Don't ask a man to drink and drive

Changing Times

Introducing the breathalyser to radio audiences in 1967, Transport Minister Barbara Castle was challenged by the World This Weekend interviewer:

“Minister, this is a rotten idea. You’re spoiling my fun as a motorist… You’re only a woman, you don’t drive, what do you know about it?”

Does the AlcoSense Pro Make Sense?

On one level—absolutely.

If a police breathalyser shows you at or beyond the legal limit of 0.08%* while in charge of a vehicle you could be facing a driving ban, a fine of £2500 or 3 months in the clink.

*This BAC figure has been a source of confusion to me in writing this up. Most of the world expresses BAC in parts per thousand (‰). This is also how AlcoSense devices display the value by default.

But here in the UK we tend to use parts per hundred (%). A BAC of 0.08% is the same quantity as 0.8‰)

You might think, then, that it’s certainly worth lashing out £180 on the AlcoSense Pro, or at least one of the entry-level devices in the range.

But it’s set me thinking. Bear with me…

Below that BAC of 0.8‰, you’re good to go. In England, Wales and Northern Ireland. Well, legally.

But this is the highest drink drive limit in the developed world. Which is to say most developed countries think it’s too high. In Scotland, for example, it’s 0.5‰.

This seems to be a more sensible figure, now that we have a better understanding of how alcohol works on our physiology and state of mind. Tests have shown that even at 0.6‰, key driving skills like our reasoning, depth perception, peripheral vision and recovery from glare, begin to be affected.

Over the Christmas break, Tested Technology used the AlcoSense Pro as a party trick. We had fun puffing away at it and one or two of us (names withheld to protect the innocent) ended up way over the limit.

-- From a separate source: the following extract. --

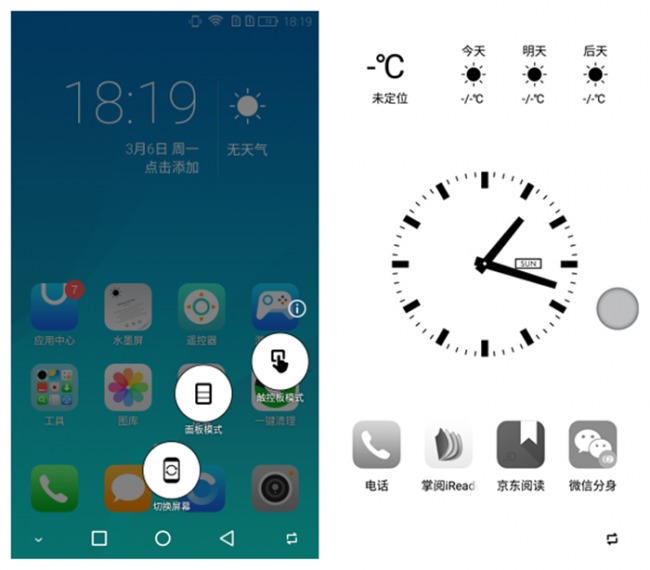 双模触控模式就更妙了。用户只需要选择该模式就可以将背面的水墨屏变身成为一块触控板,手指便可以通过在水墨屏上的滑动来实现手机背屏对主屏的操控,就如同用笔记本电脑的触控板操作,极大的提高了手机阅读的学习效率。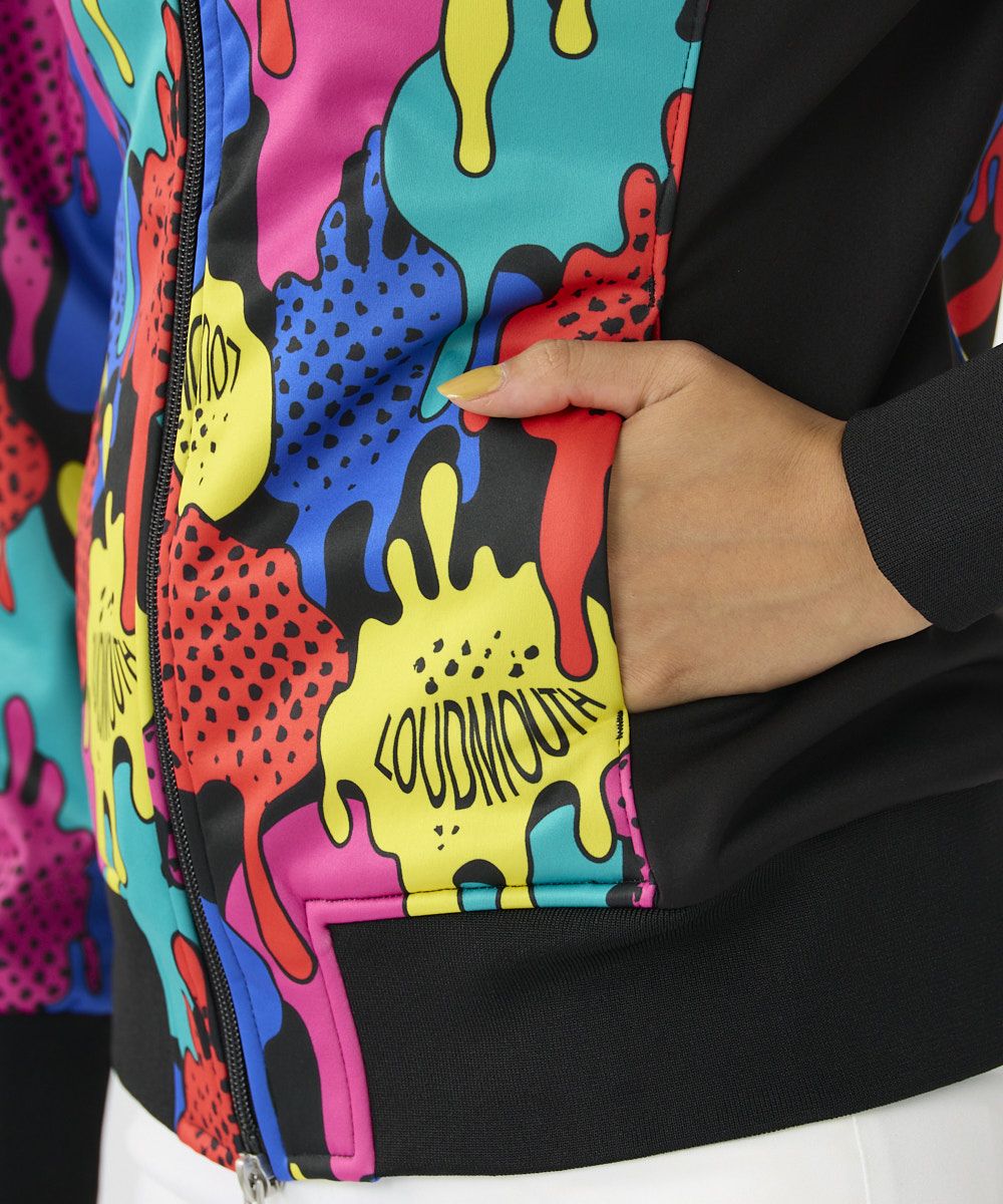 ストレッチ性のあるカットソー素材と裏フリース素材にフィルム加工を施し3層ボンディング素材を使用したブルゾンです。 袖口と裾は風が入りにくいリブ使用で今シーズンインパクトのある柄の3カラー展開

The review sample has been generously donated to Tested Technology.

At the time of writing, the AlcoSense Pro is currently on sale for £149.99.

No-one had any intention of driving. But it became clear that in reality a breathalyser doesn’t belong at parties. If even a small quantity of alcohol can affect your driving—and in a manner and to a degree you are very unlikely to grasp fully—it surely makes sense to heed the mantra: Don’t Drink and Drive. Don’t drink any alcohol at all if you’re going to be driving.

Of course, it’s possible that you may have been drinking the night before, with no thought of driving, and then wake up next morning not knowing how much alcohol is still swishing around your brain, dulling your reflexes and fogging your vision. That could arguably be a use case for a breathalyser.

 But otherwise, the AlcoSense may well turn out to be yet another of those ingenious modern gadgets you’ve discovered you’ll never use.